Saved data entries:
+++

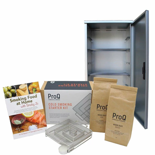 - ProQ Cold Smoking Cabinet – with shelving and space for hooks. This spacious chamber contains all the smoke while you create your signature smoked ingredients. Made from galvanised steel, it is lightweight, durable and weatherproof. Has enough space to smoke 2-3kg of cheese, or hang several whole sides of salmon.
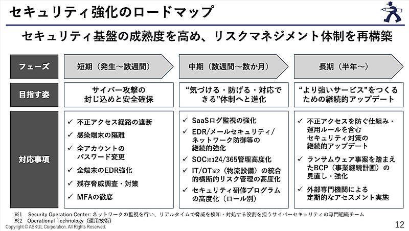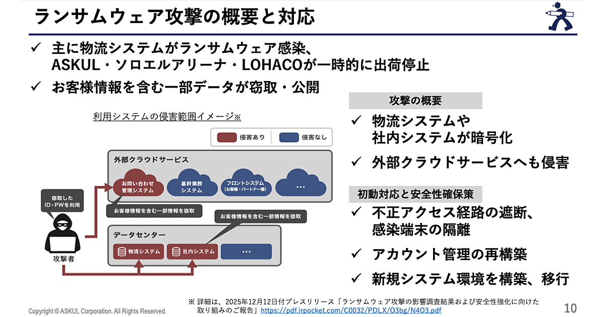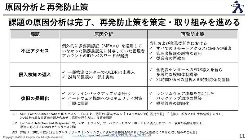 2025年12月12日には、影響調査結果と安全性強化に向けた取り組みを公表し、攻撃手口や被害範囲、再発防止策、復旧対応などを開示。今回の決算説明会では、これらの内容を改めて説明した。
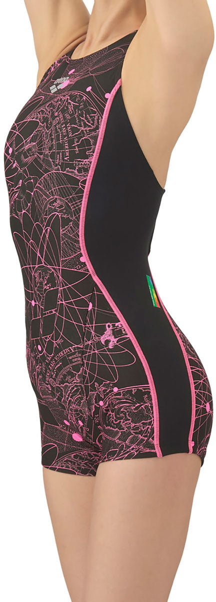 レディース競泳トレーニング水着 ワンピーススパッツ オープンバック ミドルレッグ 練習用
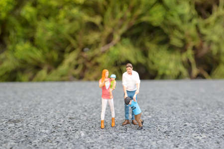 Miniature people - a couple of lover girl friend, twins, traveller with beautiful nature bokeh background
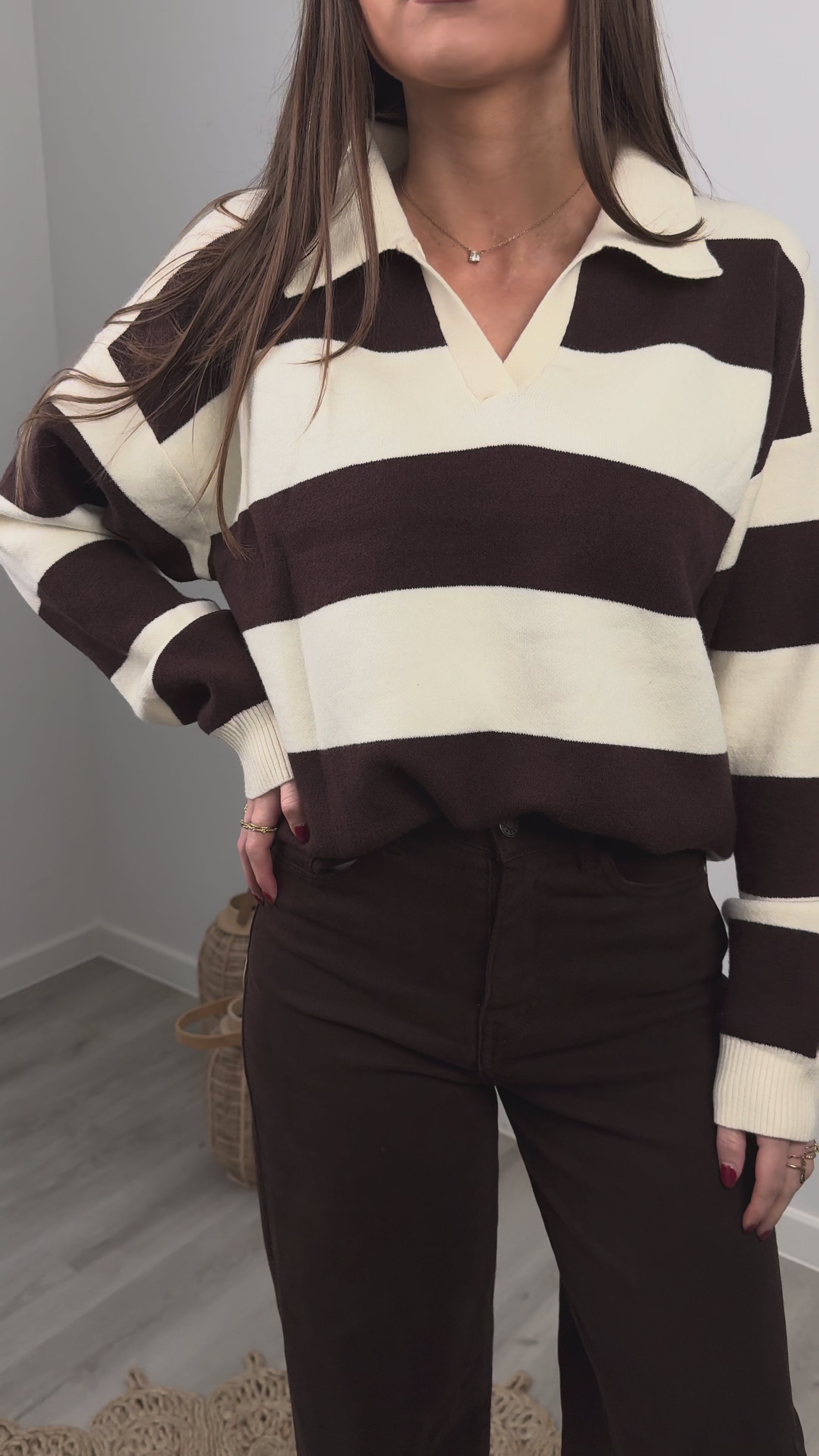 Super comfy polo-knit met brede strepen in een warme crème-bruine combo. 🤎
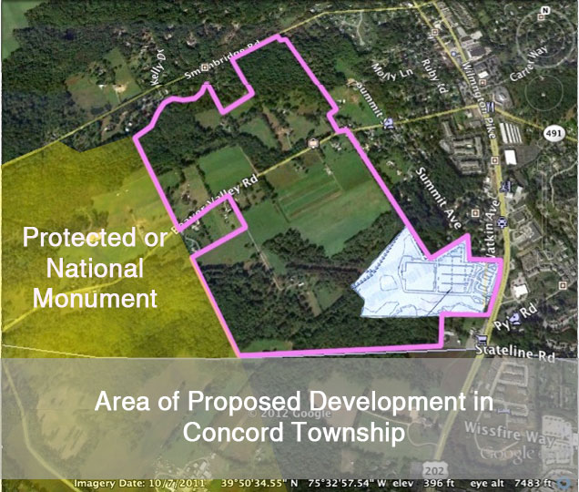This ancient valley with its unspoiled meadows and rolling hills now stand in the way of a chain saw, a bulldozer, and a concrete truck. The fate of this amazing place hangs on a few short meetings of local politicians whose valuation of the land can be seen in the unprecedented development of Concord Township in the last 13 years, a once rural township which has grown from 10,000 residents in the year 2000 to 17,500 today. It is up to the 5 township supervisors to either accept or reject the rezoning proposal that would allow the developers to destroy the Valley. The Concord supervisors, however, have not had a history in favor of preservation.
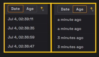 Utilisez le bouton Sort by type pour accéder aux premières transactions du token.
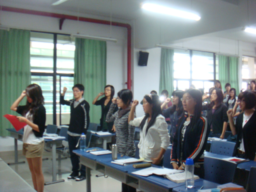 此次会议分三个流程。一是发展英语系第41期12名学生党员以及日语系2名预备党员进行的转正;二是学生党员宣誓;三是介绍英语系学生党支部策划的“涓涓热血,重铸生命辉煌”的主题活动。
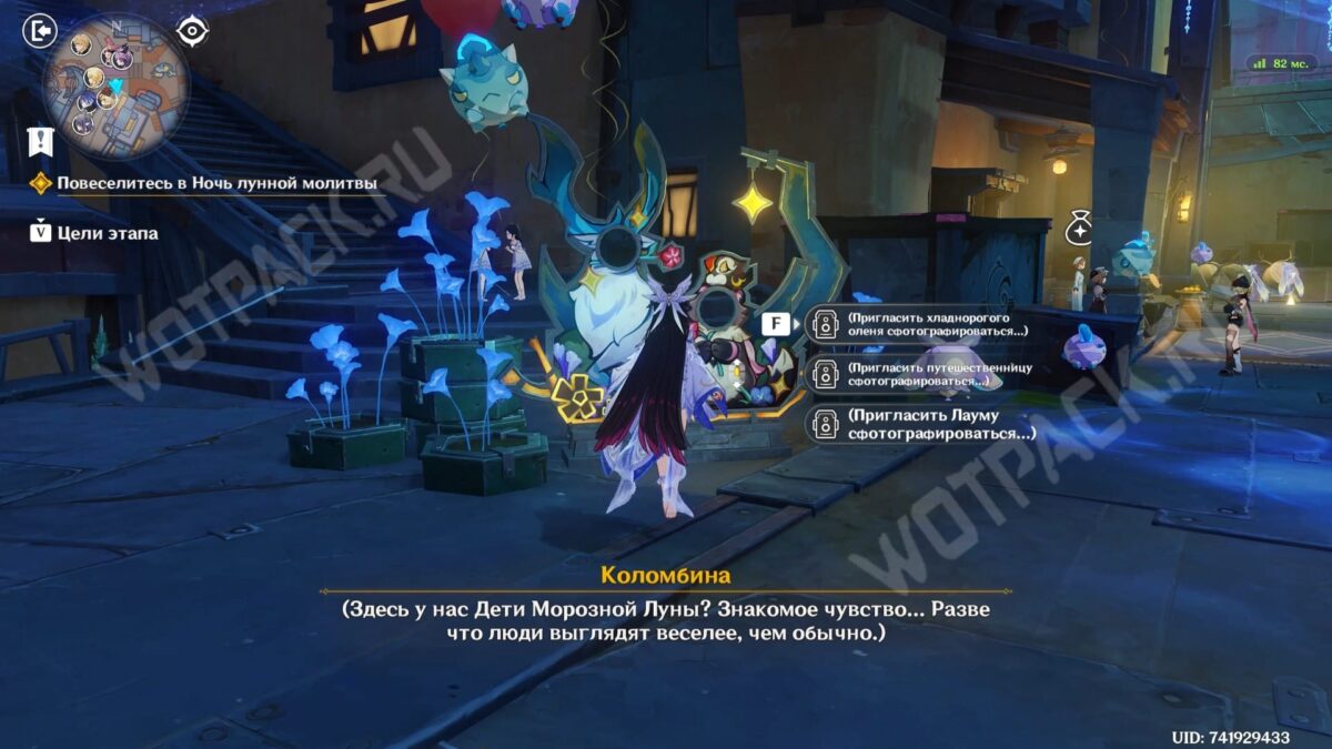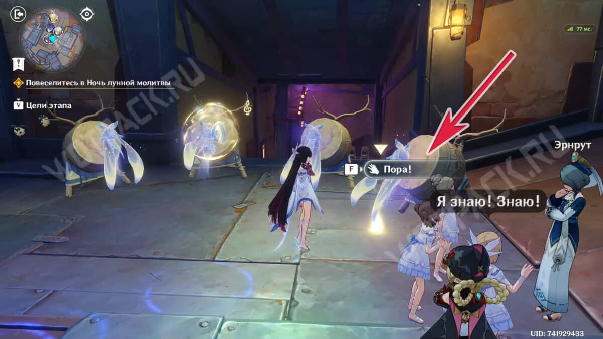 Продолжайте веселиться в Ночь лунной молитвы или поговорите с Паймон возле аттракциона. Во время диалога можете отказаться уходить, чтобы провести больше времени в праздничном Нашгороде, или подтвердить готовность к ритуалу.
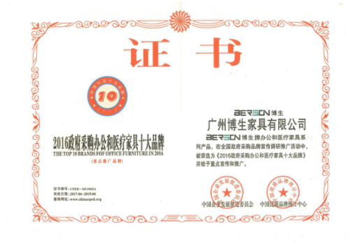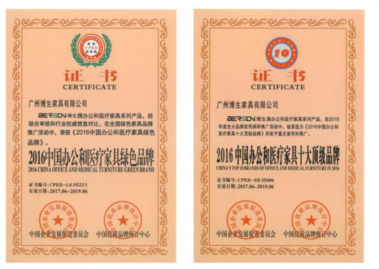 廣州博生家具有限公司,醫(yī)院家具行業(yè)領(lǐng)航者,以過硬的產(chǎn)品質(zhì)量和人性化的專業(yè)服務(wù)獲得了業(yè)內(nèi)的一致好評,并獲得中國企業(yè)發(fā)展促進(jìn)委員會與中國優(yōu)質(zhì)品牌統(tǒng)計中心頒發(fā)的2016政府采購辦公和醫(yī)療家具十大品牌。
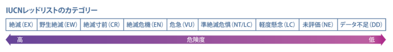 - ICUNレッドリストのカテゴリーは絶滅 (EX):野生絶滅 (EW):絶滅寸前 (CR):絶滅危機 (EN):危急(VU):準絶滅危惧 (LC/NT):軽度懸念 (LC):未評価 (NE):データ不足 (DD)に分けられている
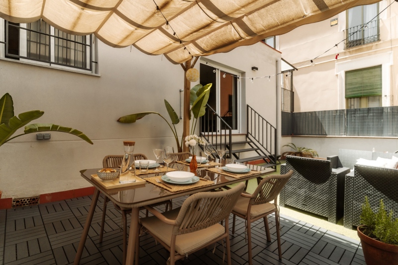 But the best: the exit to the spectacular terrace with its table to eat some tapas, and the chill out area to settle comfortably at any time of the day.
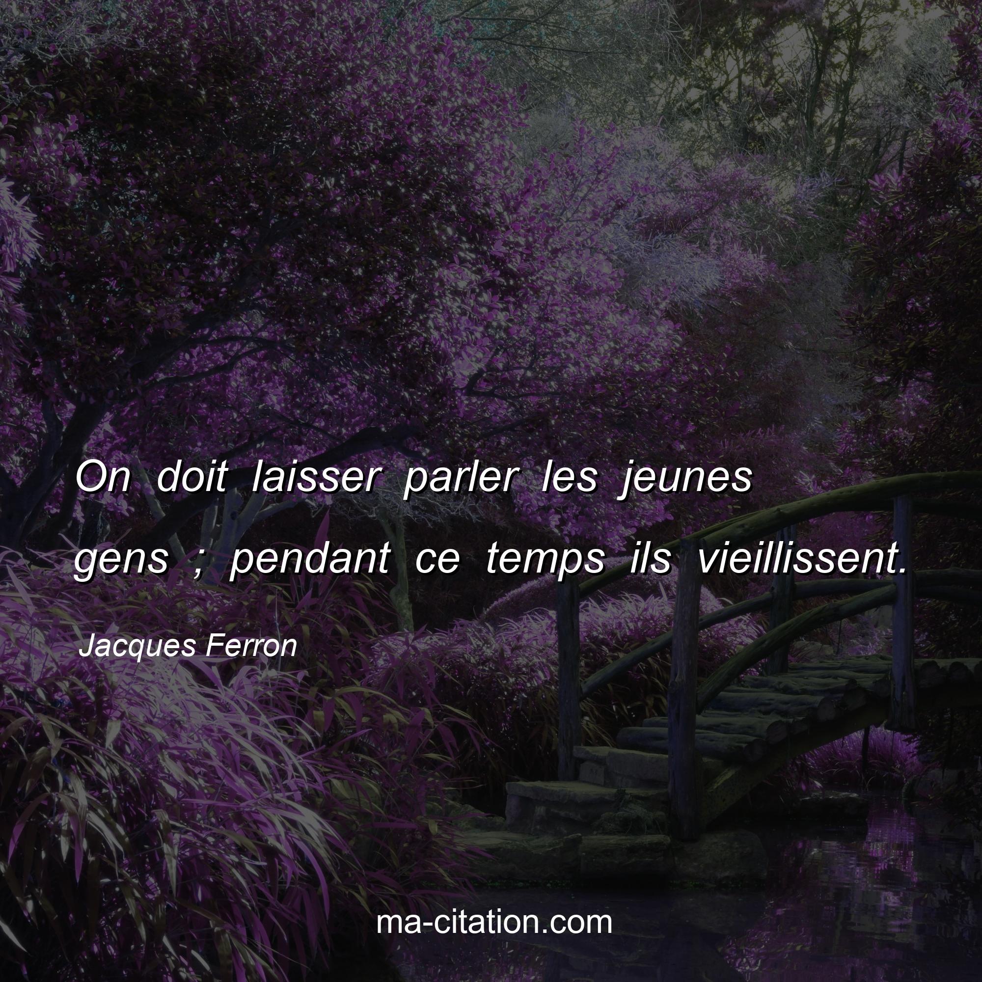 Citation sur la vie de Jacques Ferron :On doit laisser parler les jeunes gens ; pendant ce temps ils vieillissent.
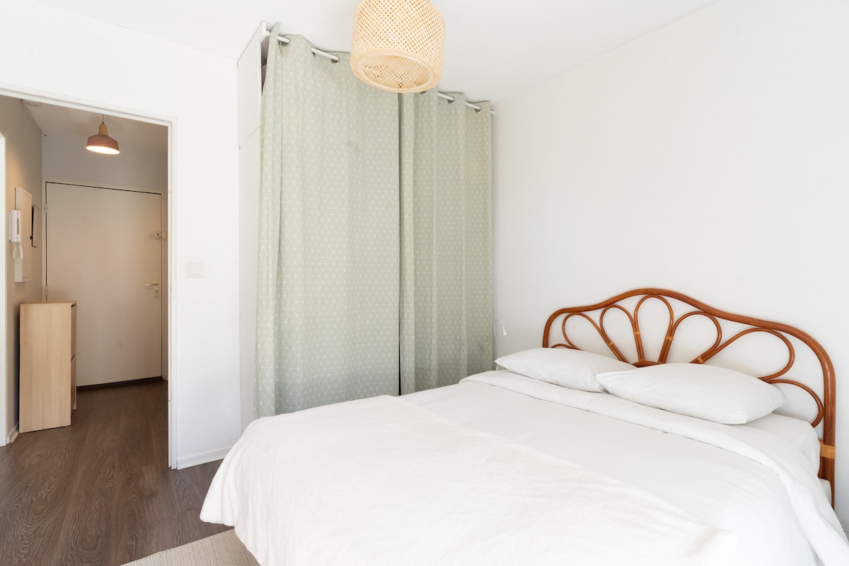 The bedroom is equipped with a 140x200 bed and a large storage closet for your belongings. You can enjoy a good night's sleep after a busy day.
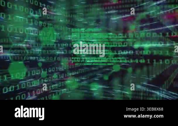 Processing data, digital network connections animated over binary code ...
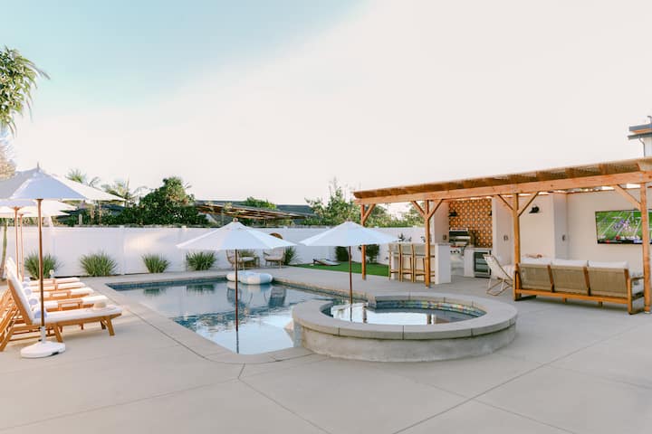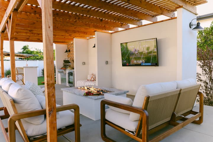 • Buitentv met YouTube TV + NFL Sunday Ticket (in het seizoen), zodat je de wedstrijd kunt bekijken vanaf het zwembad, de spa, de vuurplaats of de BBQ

+++

TASK TO COMPLETE: Look above for the line with "2025年12月12日には、" and copy exactly from it through the line with "Super comfy polo-knit", both included. Omit the pictures.

EXERCISE SOLUTION:
 2025年12月12日には、影響調査結果と安全性強化に向けた取り組みを公表し、攻撃手口や被害範囲、再発防止策、復旧対応などを開示。今回の決算説明会では、これらの内容を改めて説明した。
 レディース競泳トレーニング水着 ワンピーススパッツ オープンバック ミドルレッグ 練習用
 Miniature people - a couple of lover girl friend, twins, traveller with beautiful nature bokeh background
 Super comfy polo-knit met brede strepen in een warme crème-bruine combo. 🤎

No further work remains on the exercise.